His most controversial idea was among his last, and geologists and petroleum experts around the world still rage against Gold for suggesting they were dead wrong in their understanding of how oil and gas are formed in the Earth's crust.
Now, a couple of decades after Gold first suggested that hydrocarbons are formed deep underground by geological processes and not just below the surface by biological decay, there is increasing evidence that he may have been on to something.
If he was wrong, he may have erred only in taking his idea too far. Gold argued that all hydrocarbons are formed in the intense pressure and high heat near the Earth's mantle, around 100 miles under the ground. If he was right, it means the finite limits of the resources that power our cities and our factories and our vehicles have been vastly overstated.

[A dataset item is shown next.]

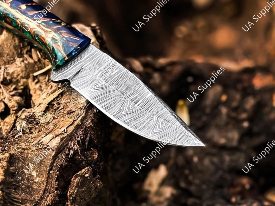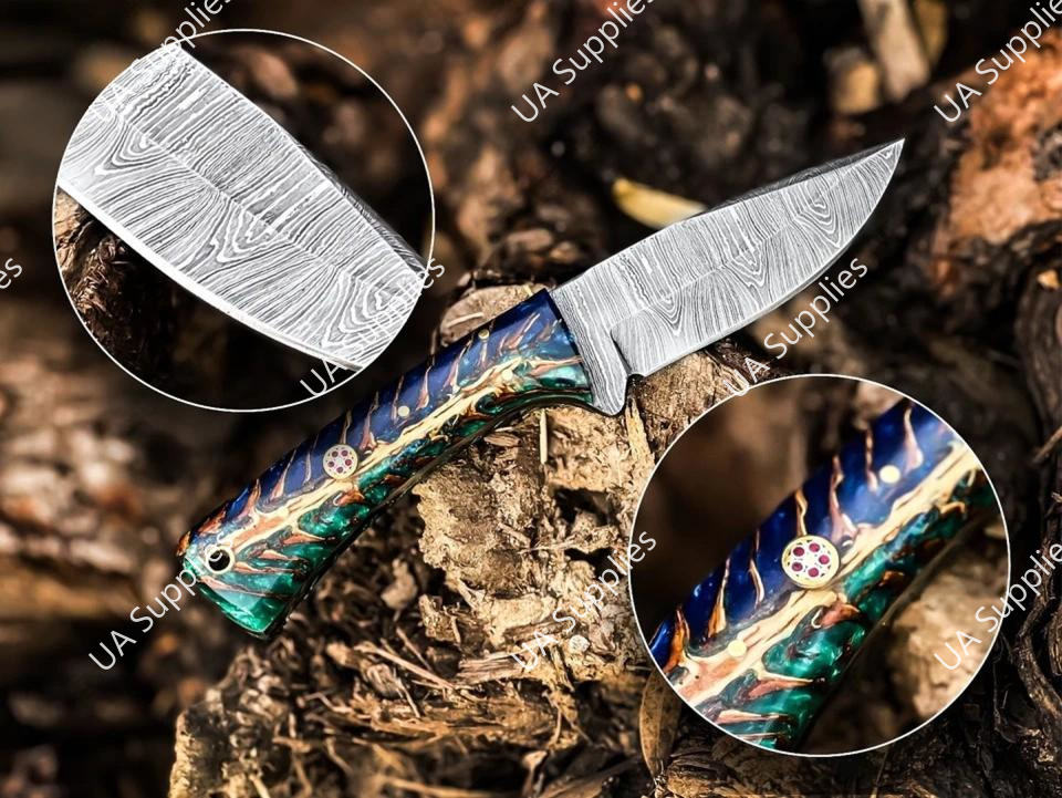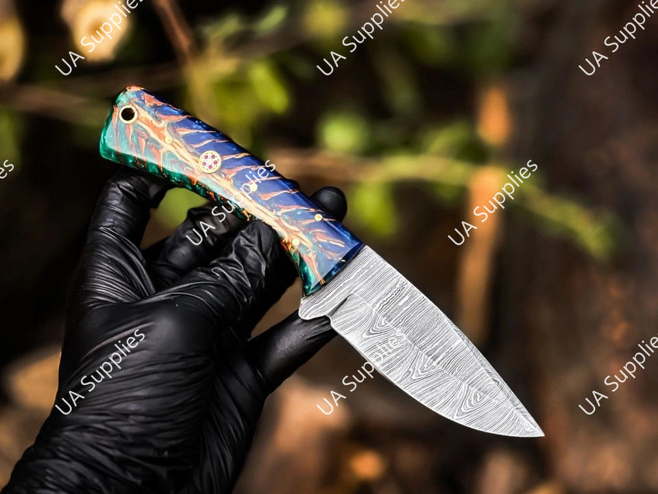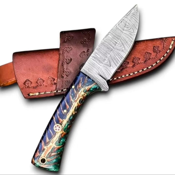 มีด EDC ใบมีดเหล็กดามัสกัสคมกริบ ด้ามจับรูปทรงกรวยสน จับถนัดมือ ขนาด 8 นิ้ว ขายดี

Oil and gas fields are continually replenished by hydrocarbons manufactured far below the Earth, he argued. So there is no fuel crisis. As long as the Earth grinds along on its orbit around the sun, hydrocarbons will continue to be produced, and we can all roll along with no fear of running out of gas.
It should be said at this point that virtually no experts believe that to be the case. But several prestigious organizations have found evidence that methane, the main component of natural gas, can indeed be formed under conditions like those found deep in the Earth.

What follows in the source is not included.